Stellar masses and star formation rates.

All of the objects are consistent with having stellar masses lower than dynamical masses within the 1σ uncertainties. By ascribing the difference between dynamical and stellar mass to the gas mass, the loci of constant gas fraction are given by the dashed lines. Here we are assuming negligible contribution of Dark Matter, justified by the fact that the spatial region sampled in our dynamical study is only 2–3 characteristic radii of the exponential disk, where the contribution of dark matter is still small. In any case, if this assumption is not appropriate, we can call this quantity a “gas and dark matter” fraction. Three objects require at high confidence a gas fraction of 90% or higher. One object (SSA22a-C16) has little room for any gas mass. Most of the other galaxies have the gas fraction poorly constrained or totally unconstrained, except for SSA22a-M38 (with a gas fraction constrained within 30% and 80%) and CDFS-14411 (with a gas fraction constrained to  <40%). However, due to the high uncertainties, it is not possible to draw firm conclusions on the observed wide range of gas fractions, and more data are needed to set tighter constraints on this property.

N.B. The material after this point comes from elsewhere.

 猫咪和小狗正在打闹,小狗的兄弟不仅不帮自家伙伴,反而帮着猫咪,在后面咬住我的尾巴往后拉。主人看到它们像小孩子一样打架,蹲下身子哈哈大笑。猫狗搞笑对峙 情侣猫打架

It is interesting to compare the amount of gas inferred from the comparison between dynamical and stellar mass with the amount of gas that can be inferred from the Schmidt-Kennicut law. More specifically, if we assume the validity of the Schmidt-Kennicut law (hereafter SK) for our z ~ 3 galaxies, we can calculate the gas surface density from the star formation rate surface density, and therefore derive the gas mass. In particular we use the relation presented in Mannucci et al. (2009) (Eqs. (1) and (2)) that adopt for the slope of the SK relation the value 1.4 given by Kennicutt (1998). To infer the SFR surface density we use the characteristic radius of the mass distribution re estimated in our dynamical modeling as the radius of the galaxy. Then, under the assumption of a negligible contribution in mass of the dark matter, and by adding the stellar mass to the gas mass we obtain the baryonic mass of the galaxy (Mbar). In this way we obtain for our objects an estimate of the mass by using only the results of the SED fitting.

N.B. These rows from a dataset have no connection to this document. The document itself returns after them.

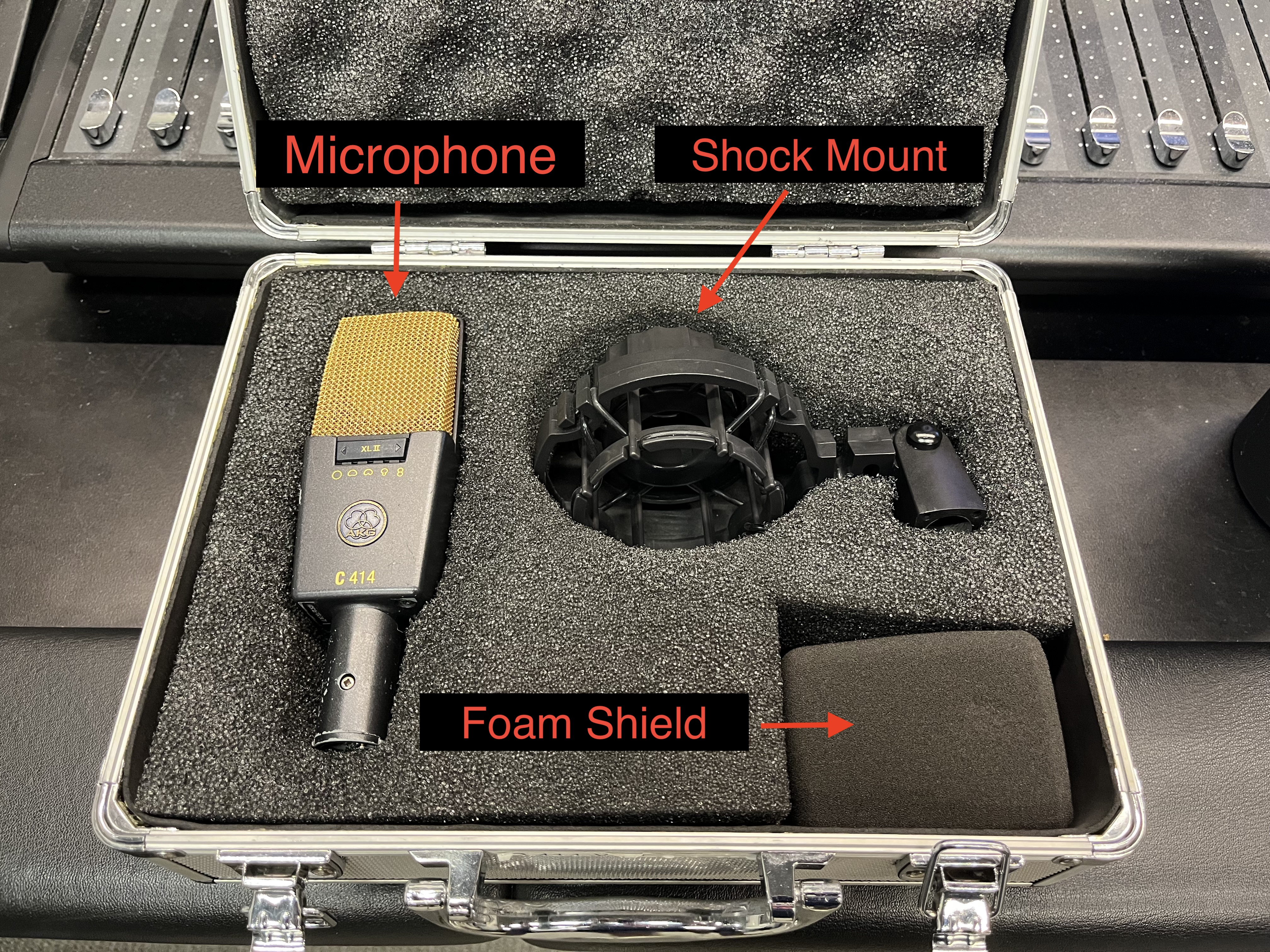 3. Inside each case you will find a **C414 Microphone**, **Shock-mount**, and **Foam Shield**.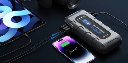 Παρουσιάζουμε το TOPDON V2200, έναν εξαιρετικό φορητό εκκινητή μπαταρίας που έχει σχεδιαστεί έτσι ώστε να παρέχει εντυπωσιακό ρεύμα αιχμής 2200A για ταχεία φόρτιση μπαταριών μολύβδου οξέος 12V μέσα σε δευτερόλεπτα. Αυτή η ευέλικτη συσκευή εξασφαλίζει άμεση και ασφαλή ανάφλεξη για μεγάλη ποικιλία οχημάτων, όπως αυτοκινήτων, σκαφών, μοτοσυκλετών και φορτηγών. Με εντυπωσιακή συμβατότητα με βενζινοκίνητα οχήματα έως 8,0L και πετρελαιοκίνητα οχήματα έως 6,0L, είναι ο τέλειος σύντροφος για κάθε ανάγκη που έχετε για ισχύ.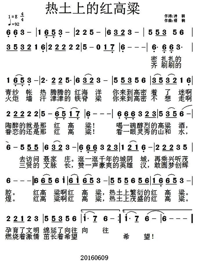- [歌谱] 轿曲 电影 红高梁 插曲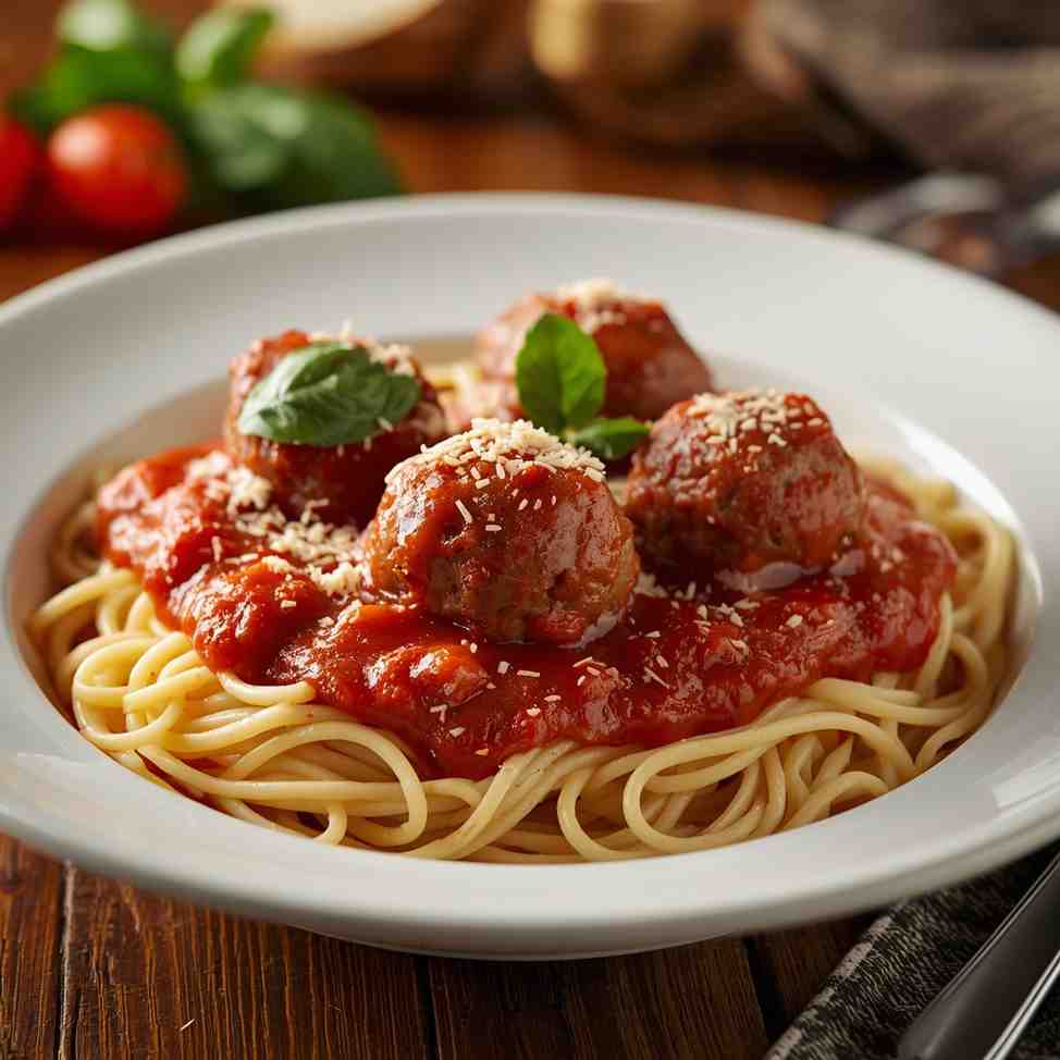 • Step 6: Serve : Plate spaghetti and spoon meatballs and marinara sauce on top. Garnish with grated Parmesan and fresh parsley or basil. Serve warm with garlic bread or a side salad.

In Fig. 22 we show the comparison of the Mdyn estimated from the gas dynamics modeling presented in this paper and the Mbar estimated from the SK law, combined with the stellar mass. The two estimates of the mass, considering the error bars, are generally quite consistent. The mean difference (in module) (i.e. the mean scatter of the points around the Mdyn = Mbar condition) is of  ~0.5 dex and there is no particular bias of one of the two values on respect of the other. The mean residual of the points on respect of the Mdyn = Mbar condition (i.e. the difference in module divided by the errors) is  ~1.2. We can conclude that the results of the SED fitting give a reliable estimate of the dynamical mass. This also implies that the two assumptions of the validity of the SK law and of a negligible contribution in mass of the dark matter appear to be valid.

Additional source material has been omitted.